= Orders (surname) =

Orders is a surname.

==Etymology==
The etymology of 'Orders' is unclear, although there are records extant dating the surname in its current spelling back to the 17th century in the Warminster region of Wiltshire and the 16th century in Cambridgeshire, England. The root of the name in its possible variant spelling forms can be ALD, AUD, OLD or ORD to which have been added a suffix such as AS, ES, ERS, IS, OS, US, etc. 'Orders' therefore has many possible genealogical or historical derivations which are affiliated in common via the shared modern spelling.

==Derivation==
The modern surname is now found in many parts of the world, and suggestions as to its historical roots include:
- that it is an alternative spelling of AUDAS, which itself comes from two distinct sources, one of early medieval English origin and one of Scottish origin. The English form of the name derives from the Middle English female personal name "Aldus", itself a pet form of any of the numerous Olde English pre 7th Century male and female personal names with "(e)ald", old, as its first element. For example "Radulfus filius (son of) Alduse" is said to be noted in the 1168 Pipe Rolls of Yorkshire. The Scottish form of the surname is locational from Auldhous, in Strathclyde (Renfrewshire). The placename derives from the Olde English "eald" old, with "hus", house, hence "old house".
- it may be part of a locational name from a place called Ord in Northumberland, deriving from the Old English pre-7th Century "ord" or "orde" meaning "point". This may refer to a headland, a certain geographical 'point', a long ridge or someone dwelling at one these locales.
- it may be an Anglicized form of the Germanic personal name Ort, a short form of the various compound names, such as ORDERS, with the first element meaning "point" (for example of a sword, spear, hill, or army). 'Hare', or 'army' in old-German, is thought to have been the second element in the compound 'ord-hare' leading to 'orders'.
- in its many different spellings from Ort, Imort, and Delort, to Horta, Huerta and Hurtic, this is a surname of French, Spanish, Portuguese and German derivation. The origin is usually pre-5th century C.E. German or Visigoth, the latter tribe being the conquerors of the Spanish region in the period between the 6th and 8th centuries.

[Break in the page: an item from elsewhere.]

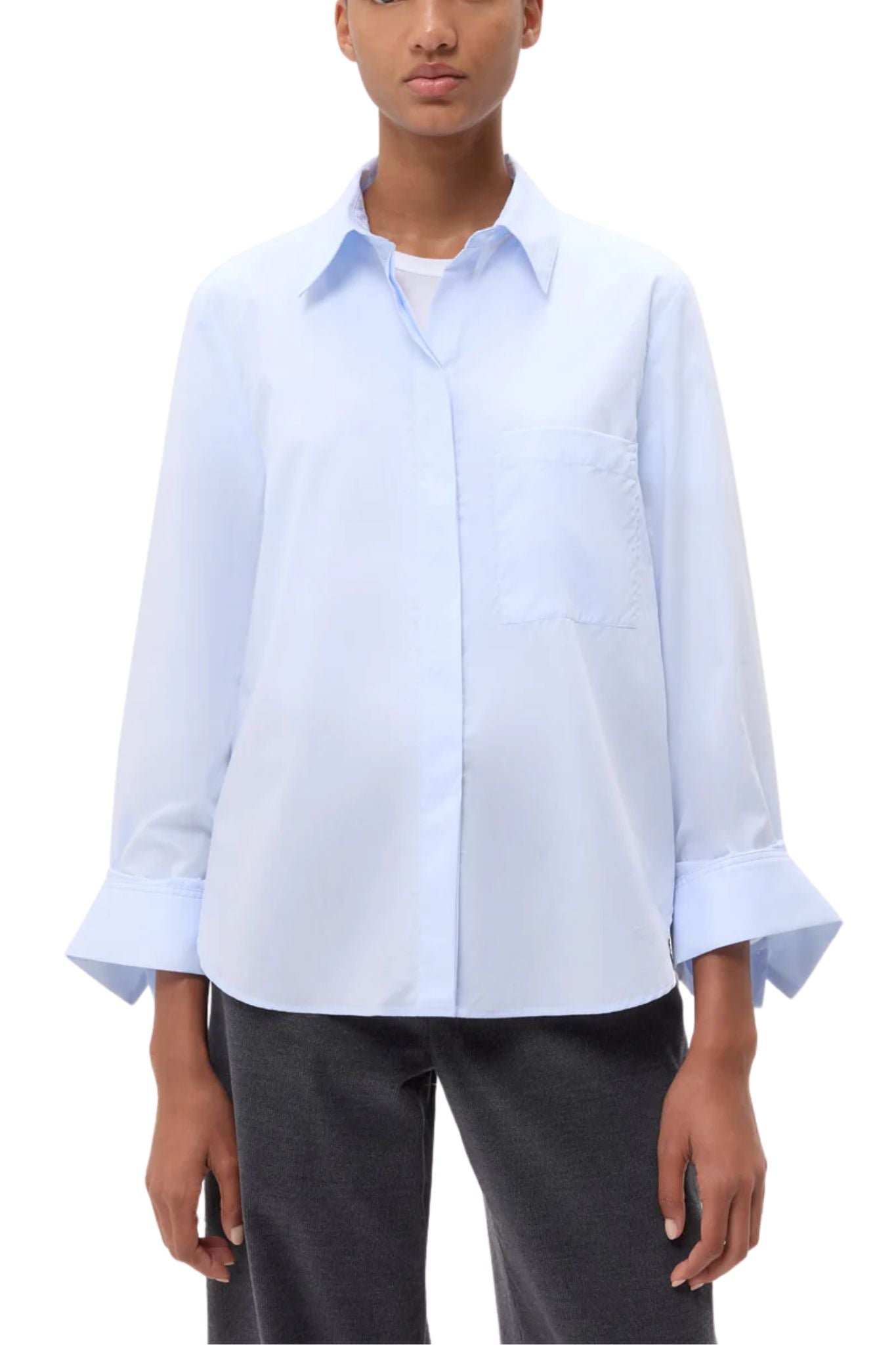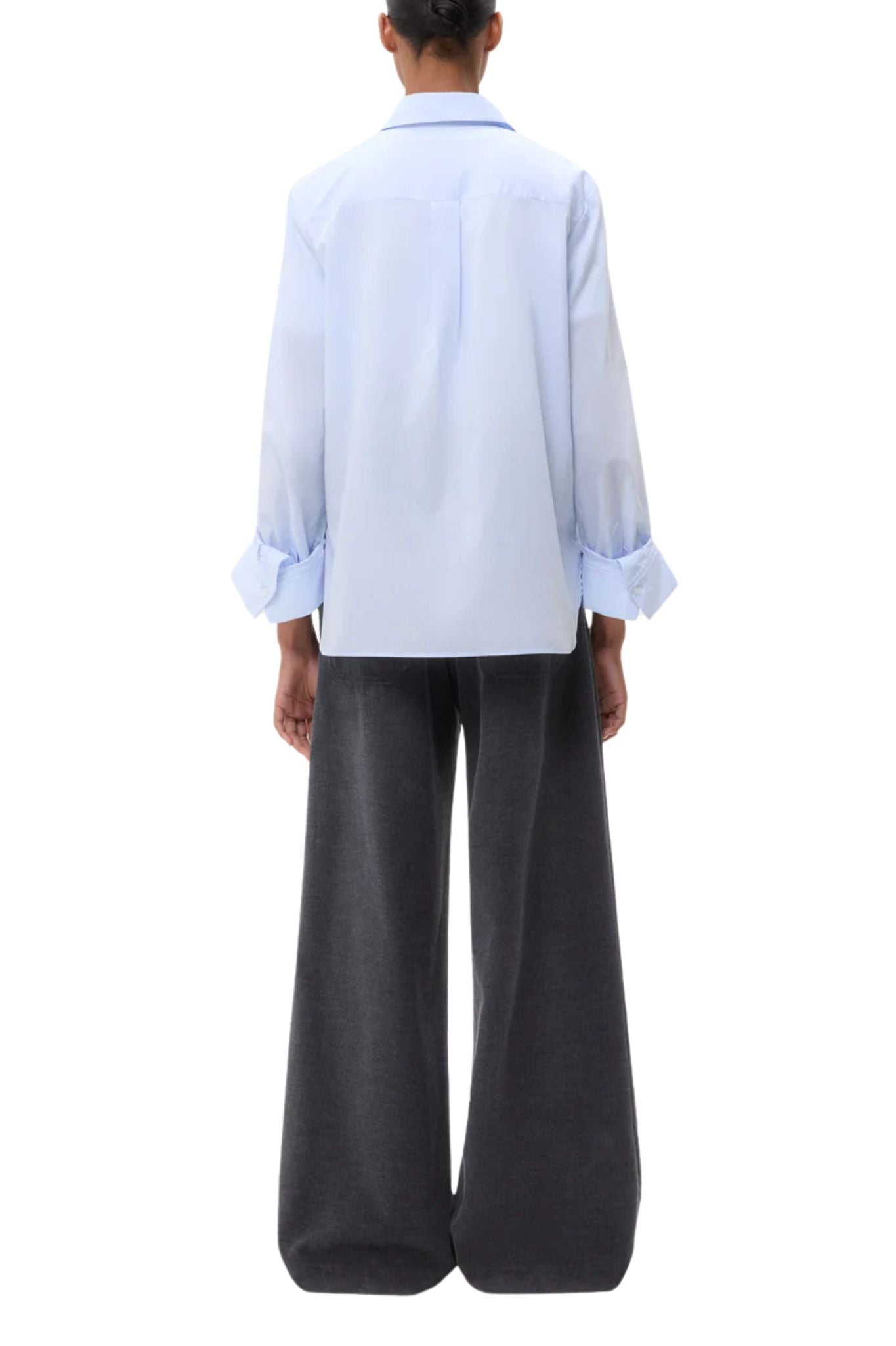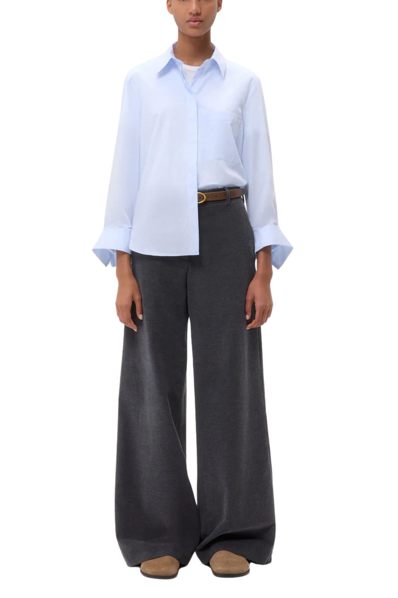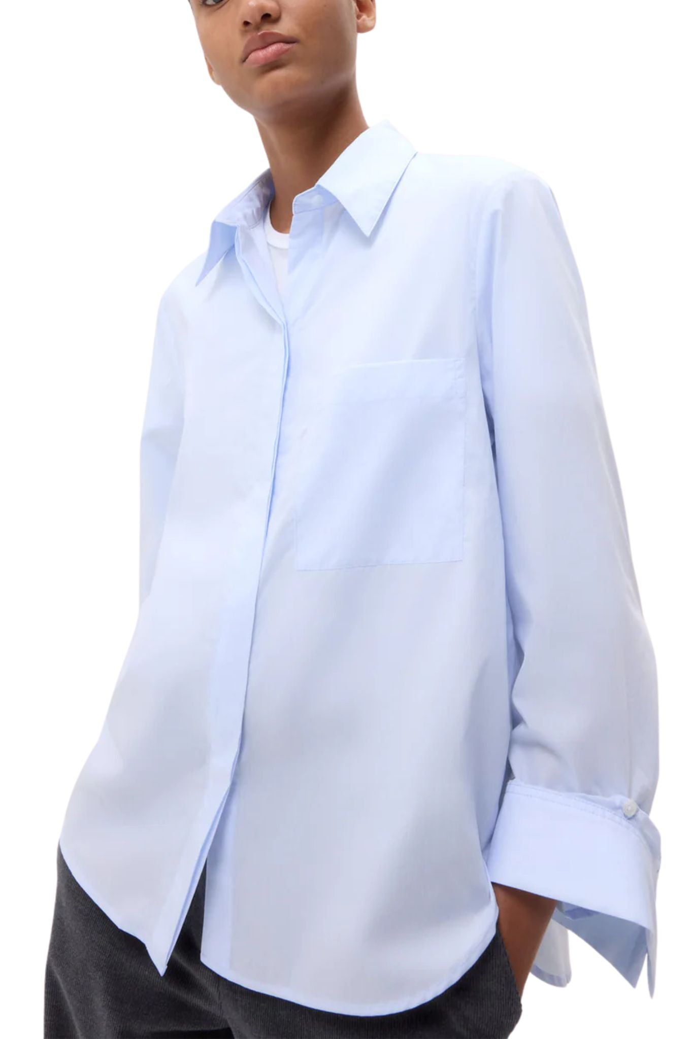 TWP’s signature button down crafted in superfine Italian cotton shirting. The Boyfriend is a relaxed fit complete with a chest patch pocket, concealed placket, curved hem, and staple single roll button cuffs.

As a result, many, perhaps the majority of popular Spanish and Portuguese surnames have some Germanic influence. In this case the surname is topographical and generally describes a person who lived in an 'ort', this being a settlement on the top of a hill, or in the case of the French nameholders, in a walled area, probably a defensive fortress. In some case the surname may have been descriptive for a soldier who carried an 'ort', this being a spear or lance.

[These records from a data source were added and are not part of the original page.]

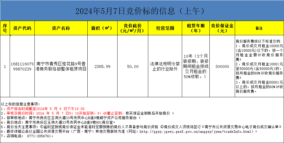 2024年5月7日竞价标的信息(现场竞价)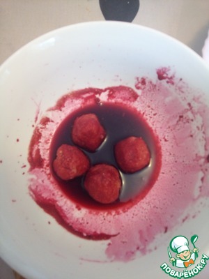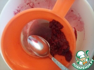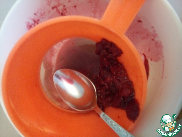 • Размораживаем вишню и выдавливаем сок. Я использовала сито. Вообще можно использоваль сок свеклы или малины.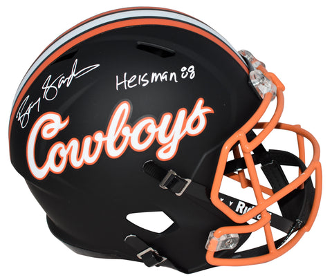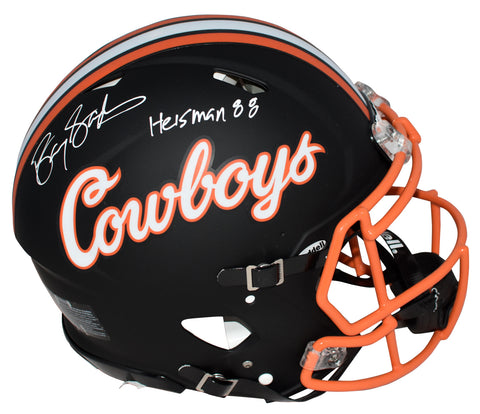 BARRY SANDERS SIGNED OKLAHOMA STATE COWBOYS AUTHENTIC SPEED HELMET + HEISMAN 88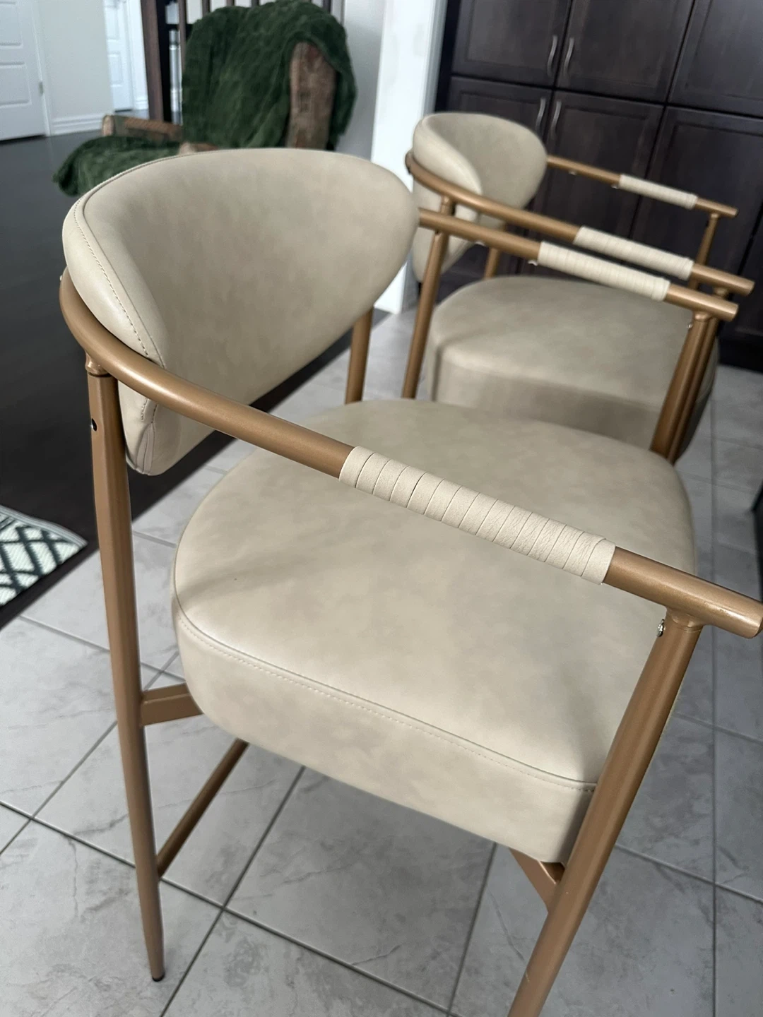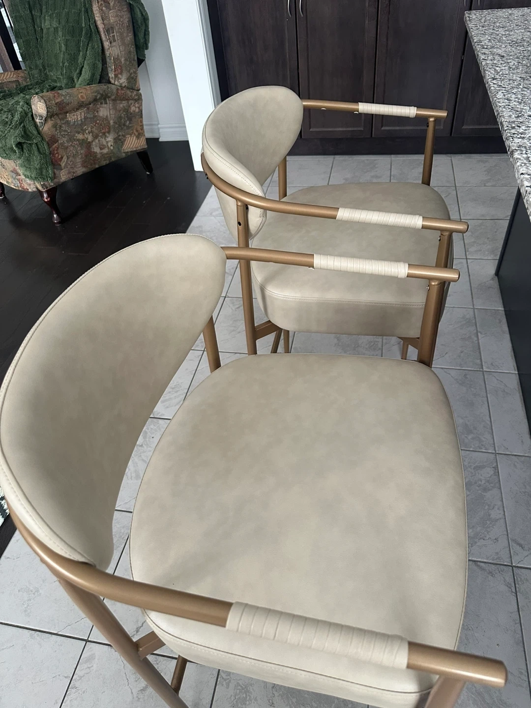 Selling a set of two stylish bar stools! They feature a comfortable beige seat and a sleek gold frame. Perfect for adding a touch of elegance to your kitchen or bar area. They are in great condition and ready for a new home!

- it may derive its origin from Orderic Vitalis or his father, Odelerius of Orleans, a priest who came to England with William the Conqueror.
- the Oxford University Press Names Companion lists under the surname of ORT a Southern French (Provençal or Occitan) root that stems from the Latin 'HORTUS', Latin for 'garden' or 'gardener'. This has been corrupted into the variants ORT, ORTS, ORS and ORTELLS, and thus possibly ORDERS.

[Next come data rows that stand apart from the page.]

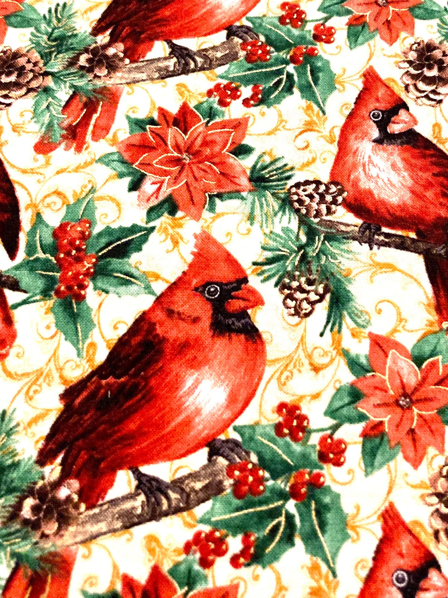 Beautiful Christmas Cardinal and poinsettia reversible hand sewn blanket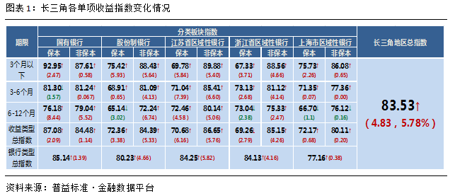 从期限类型来看,在2017年1月,3个月以下期限类型产品收益指数与上月走势相仿,仍然呈现明显上涨的表现,而3-6个月期限与6-12个月期限均有向下表现出现。在当前流动性紧张的局面下,短期产品收益有向上动力。从不同发行机构角度来看,2017年1月份,各发行主体指数变化继续上涨,但上升表现与上月相比有一定变化,其中国有银行类型指数的增长幅度达到1.65%,整体涨幅较小,与上月涨幅相比下滑了10.3%。本月下滑的主要原因为中短期限产品收益指数出现明显收缩,导致整体收益指数有一定的下滑,不过综合近两月的表现来看,国有银行整体涨幅仍然较为可观;1月份,股份制银行收益指数延续前两个月的上涨趋势,其中,短期产品收益指数上涨幅度较上月有明显上升,但长期保本类收益指数却出现了3.02点的下滑表现。本月江苏省区域性银行收益指数在上月小幅上涨的基础上,各类期限收益指数涨幅继续扩大。与2016年最后一月比较,中期产品收益指数涨幅最大,保本类3-6个月产品指数环比上升11.6%。各期限类型上涨明显,促使江苏省环比上涨7.42%,领跑长三角地区。浙江省区域银行总指数也延续了上月较强的上升态势,但短期与长期有一定差异,其中短期及中期收益指数表现出较强涨势,全线飘红,引领整体指数出现大幅上涨,但长期保本收益指数也表现出了明显下滑,环比下降3.16%。上海市区域性银行收益指数表现稳定,中短期限收益指数有微幅上涨,长期收益指数则表现出了下滑趋势,反映出上海市区域银行对于长期市场变化的理解与其它两地区有一定差异。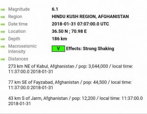 حوالی نزدیک ظهر امروز زمینلرزهای در مقیاس ۶٫۱ ریشتر مناطق مرکزی و شمالشرقی کشور را لرزاند و دامنههای آن تا مناطقی در پاکستان و هند نیز احساس شد.
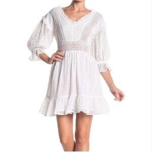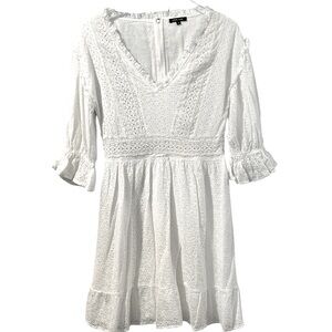 ANTHROPOLOGY LOVE SAM Dress Boho Eyelet Lace Ruffle White Size Medium Like new

- the Anglo-Saxon name stem 'Ord-' or 'Orde-' was sometimes taken to mean 'Prince' or 'Chief'.
- As a possible variant of ORDISH, from the Old English compound of Ord(a), a personal name or word suggesting a 'point', 'tip', 'extremity', 'promontory', or Ora, Old English for a topographical 'bank', and Edisc, meaning park or pastureland. This possible source of 'Orders' as a surname appears to stem from the hilly ridge near Ashover in Derbyshire known as High Oredish, reputed to be an area of rural beauty and fine views.
- it may be a Scottish locational name from various minor places named with the Gaelic "ord" meaning "hammer", which is used as a topographical term for a rounded or conical hill.

==Notable people==
- James Orders was awarded a medal for his part in the Battle of Waterloo, 1815.